What’s go­ing to change is that the new Medtronic will have ac­cess to cash gen­er­ated by Co­vi­dien en­ti­ties out­side the U.S. The cash that’s gen­er­ated by Medtronic en­ti­ties out­side the U.S. even af­ter the ac­qui­si­tion still will be sub­ject to U.S. tax. The Co­vi­dien cash that’s gen­er­ated is not sub­ject to U.S. tax to­day and will not be un­der this new struc­ture. We in­tend to use that cash to in­vest in the U.S. in med­i­cal tech­nolo­gies that will broaden our fo­cus in clin­i­cal ar­eas where we’ve got ex­per­tise. We will in­vest in early-stage ther­a­pies in new clin­i­cal ar­eas. To­day, there’s only so far we can go in terms of in­vest­ment in the U.S. With the avail­abil­ity of the cash that’s gen­er­ated by Co­vi­dien on a world­wide ba­sis and the use of that in the U.S., that will re­ally ac­cel­er­ate our ef­forts to achieve that pur­pose.

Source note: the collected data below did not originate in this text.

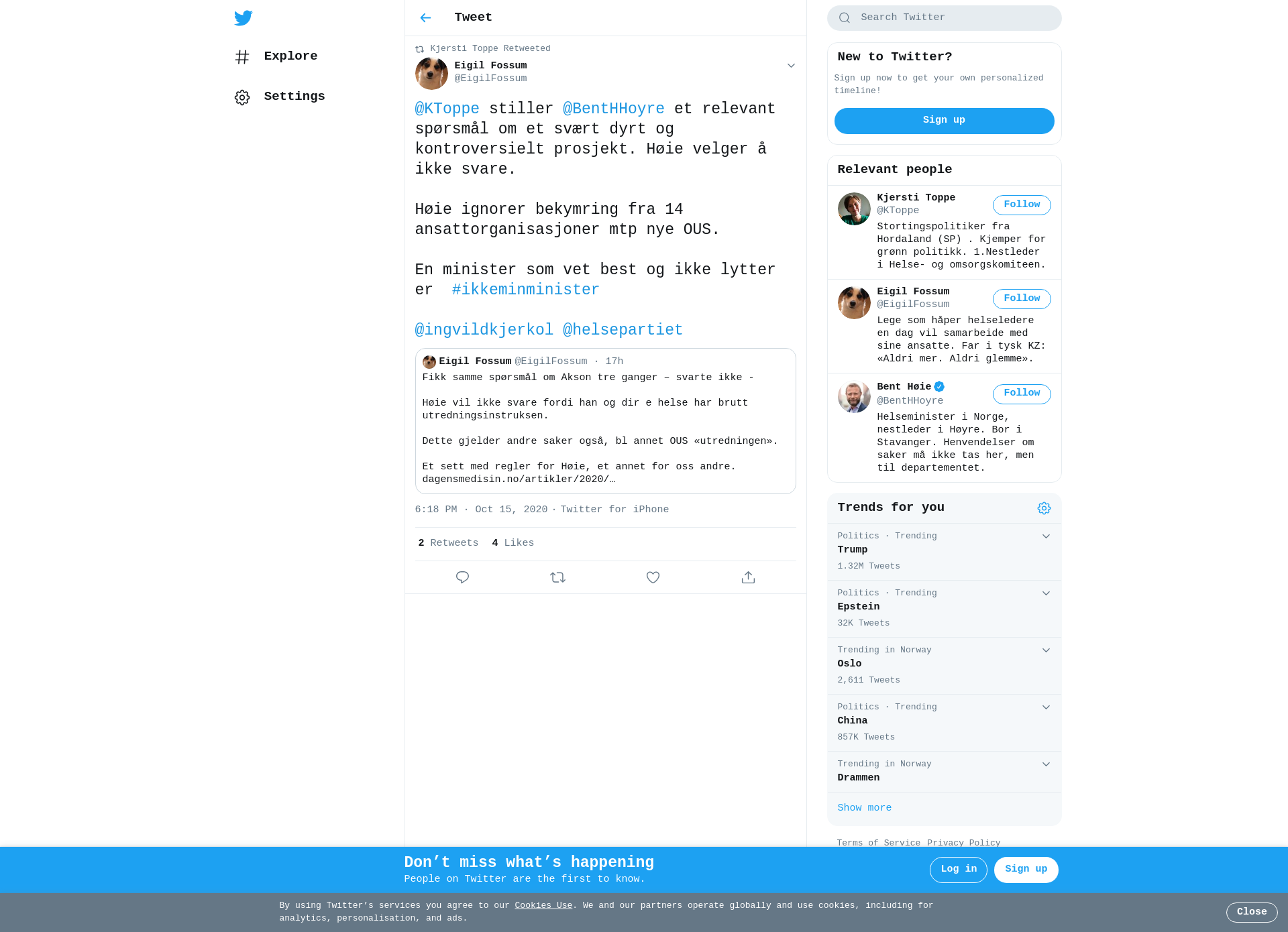 RT @EigilFossum: @KToppe stiller @BentHHoyre et relevant spørsmål om et svært dyrt og kontroversielt prosjekt. Høie velger å ikke svare.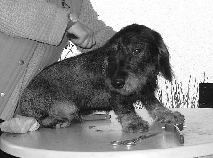 Schon vor seinem Auftritt erntet er großes Lob: "So ein schöner braver Kerle!" Eine hilfsbereite Dame, die einen Verkaufsstand mit allerlei nützlichem Hunde- und Hundebesitzer-Zubehör aufgebaut hat, verpasst Axel noch den letzten Schliff. Mit einem Spezialkamm wird abgestorbene Unterwolle am Rücken entfernt und zu weit überstehende Haare an Ohren, Bart und Beinen werden gestutzt.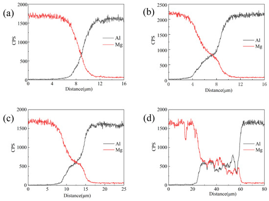In order to delve deeper into the interface characteristics, Figure 2 presents magnified SEM images along with area-scanning images. It is evident that a distinct interface layer is visibly formed between AZ31 and 1060 during the hot-pressing process. The element Mg and element Al exhibit full inter-diffusion across the entire interface. This further proves that direct hot pressing in an atmospheric environment can generate an effective bond at the interface of AZ31 and 1060. As the strain rate decreases, the thickness of the inter-diffusion layer gradually increases. Figure 2d shows that the interface layer of the P4 sample is obviously broken. This is primarily the underlying cause for the presence of numerous cracks and pores on the interface of the P4 sample. As the strain rate decreases, a noticeable trend emerges: the diffusion layer progressively thickens. The element line-scanning spectrums of different samples are shown in Figure 3. Due to the occurrence of inter-diffusion, the concentrations of Mg and Al show a gradual change at the interface. Within this diffusion layer, the concentration of Al decreased from the Al alloy side to the Mg alloy side, while the concentration distribution of Mg exhibited the opposite trend. SEM studies revealed no evidence of intermetallics in the bonding structure. Moreover, no significant single-phase layer is found at the interface for the P1, P2, and P3 samples. For the P4 sample, significant fluctuations in the concentrations of the elements at the interface occur, which are related to the fragmentation of the compounds. Through the analysis of these spectrums, the thickness of the diffusion layer is determined and presented in Figure 4. Specifically, when the hot-pressing strain rate decreased from 1.0 × 10−2 s−1 to 3.3 × 10−4 s−1, there is a steady progression in the thickness of the diffusion layer from 5.7 μm to 38.7 μm.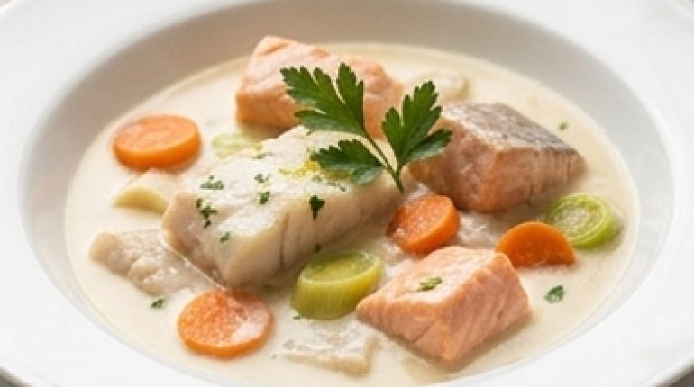 📌 Blanquette de la mer : colin, saumon et pétoncles en sauce crémeuse

We’ve made a for­mal com­mit­ment that we will in­vest at least $10 bil­lion in the U.S. in med tech over the next 10 years, and that’s be­yond any­thing that Medtronic and Co­vi­dien are do­ing to­day. If any­thing, we will strive to in­crease that as we go for­ward. That’s the best way of en­hanc­ing health­care in the U.S. That’s why we did this struc­ture, and from our per­spec­tive this is the right thing to do.